Might be related to some internal Rcpp stuff, but AFAIK we pass all headers + table body to the same functions. cc @RomanTsegelskyi for confirmation

BTW can you please let me know, @NaserMonsefi, how you created this data.frame? This Windows behaviour (like in #228) to have different encoding for table header and content really freaks me out.

NaserMonsefi commented 7 years ago

I originally noticed the problem, importing a data set using read.delim

read.delim('..data.csv', sep = ',', stringsAsFactors = FALSE, encoding = 'UTF-8', check.names = F)

The files is encoded in UTF-8 and have header names with the UTF-8 beta in it.
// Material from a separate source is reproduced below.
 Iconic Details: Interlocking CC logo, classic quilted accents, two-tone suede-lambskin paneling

Of course if i use check.names = T it will encode to "unknown" with more wrong characters. I think I found a solution for my case as mentioned above, but don't know what is causing it on the OS level. Yours, Naser

nbarrowman commented 7 years ago

I have been having the same problem, also on Windows. Thanks Naser, enc2native also worked for me.
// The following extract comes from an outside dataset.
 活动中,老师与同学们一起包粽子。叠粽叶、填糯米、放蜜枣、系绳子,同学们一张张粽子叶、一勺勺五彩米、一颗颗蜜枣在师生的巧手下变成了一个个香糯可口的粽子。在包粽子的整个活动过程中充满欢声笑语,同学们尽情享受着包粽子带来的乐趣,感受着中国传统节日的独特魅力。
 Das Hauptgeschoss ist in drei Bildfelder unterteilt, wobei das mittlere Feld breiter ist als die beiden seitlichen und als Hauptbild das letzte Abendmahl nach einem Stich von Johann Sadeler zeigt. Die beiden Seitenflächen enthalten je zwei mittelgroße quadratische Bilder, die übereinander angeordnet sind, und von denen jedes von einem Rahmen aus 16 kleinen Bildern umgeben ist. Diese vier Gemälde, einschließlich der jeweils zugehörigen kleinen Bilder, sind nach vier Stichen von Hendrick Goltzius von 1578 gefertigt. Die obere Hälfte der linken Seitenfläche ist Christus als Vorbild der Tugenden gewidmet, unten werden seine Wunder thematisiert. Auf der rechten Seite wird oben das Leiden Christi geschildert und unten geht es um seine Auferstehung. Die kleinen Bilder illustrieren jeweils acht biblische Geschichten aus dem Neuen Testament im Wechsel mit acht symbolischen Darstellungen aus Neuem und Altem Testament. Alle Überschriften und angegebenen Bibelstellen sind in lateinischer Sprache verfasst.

awfrankwils commented 6 years ago

https://github.com/Rapporter/pander/issues/296#issuecomment-419220848 #296

daroczig commented 6 years ago

I tested #326 in a Windows VM started and seems to do the trick, but please confirm.

daroczig commented 5 years ago

Should be fixed with the above commit.

billdenney commented 4 years ago

@daroczig, I just had the same issue. Is there a way that I could help in some way to release a new version of pander with this fix (and all others that have been made)?

daroczig commented 4 years ago

@billdenney you mean a CRAN release? I will need to look into the CI builder as seems to be failing and do a general check-up on the package ... I have not really touched it for a while. I can do that in a few weeks hopefully, but would appreciate any help someone running all the tests and R CMD check using dev version of R etc and create a PR for a CRAN release.